• Records for the task
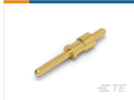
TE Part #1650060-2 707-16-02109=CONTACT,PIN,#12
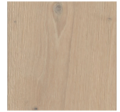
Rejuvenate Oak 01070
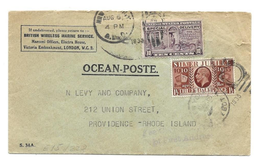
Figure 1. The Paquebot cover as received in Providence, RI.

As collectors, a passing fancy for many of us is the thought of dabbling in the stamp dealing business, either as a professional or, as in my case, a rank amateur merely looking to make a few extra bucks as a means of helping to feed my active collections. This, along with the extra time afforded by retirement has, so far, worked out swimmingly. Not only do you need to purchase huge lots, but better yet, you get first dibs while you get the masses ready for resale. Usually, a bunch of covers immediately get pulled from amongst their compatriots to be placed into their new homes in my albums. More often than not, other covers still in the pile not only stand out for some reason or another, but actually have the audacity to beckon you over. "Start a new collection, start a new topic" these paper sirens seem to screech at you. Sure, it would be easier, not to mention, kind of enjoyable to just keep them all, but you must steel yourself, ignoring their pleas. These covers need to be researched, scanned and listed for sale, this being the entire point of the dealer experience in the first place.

==

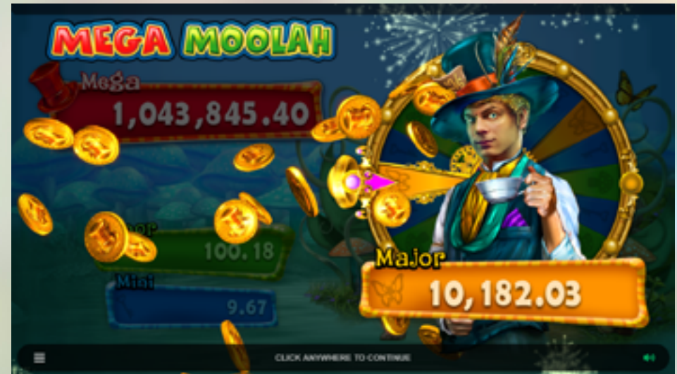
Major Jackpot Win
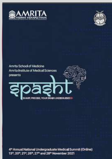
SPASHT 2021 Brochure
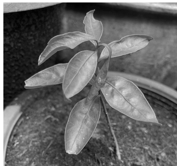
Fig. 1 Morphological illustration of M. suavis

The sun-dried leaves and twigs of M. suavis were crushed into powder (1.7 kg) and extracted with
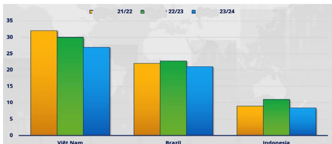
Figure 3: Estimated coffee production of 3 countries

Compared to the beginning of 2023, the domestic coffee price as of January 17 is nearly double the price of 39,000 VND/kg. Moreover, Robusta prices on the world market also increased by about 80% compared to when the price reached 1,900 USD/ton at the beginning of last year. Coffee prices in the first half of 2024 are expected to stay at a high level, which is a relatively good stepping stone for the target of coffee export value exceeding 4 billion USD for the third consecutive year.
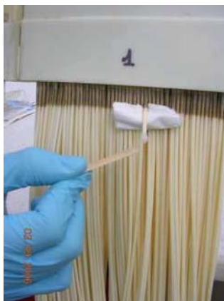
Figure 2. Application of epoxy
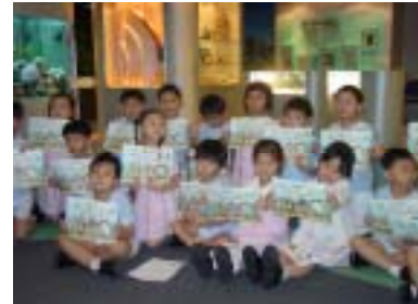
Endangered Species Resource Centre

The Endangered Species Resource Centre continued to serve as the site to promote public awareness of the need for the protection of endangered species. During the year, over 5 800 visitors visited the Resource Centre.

==

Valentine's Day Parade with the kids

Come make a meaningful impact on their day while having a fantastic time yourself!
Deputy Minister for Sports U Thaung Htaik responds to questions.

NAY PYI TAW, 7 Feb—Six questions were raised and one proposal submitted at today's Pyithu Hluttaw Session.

• What is required
From the records above, output only the lines starting at the one containing "Rejuvenate Oak 01070" and ending at the one containing "Figure 1. The", word for word. Pictures stay out.

• Your solution
Rejuvenate Oak 01070
Figure 1. The Paquebot cover as received in Providence, RI.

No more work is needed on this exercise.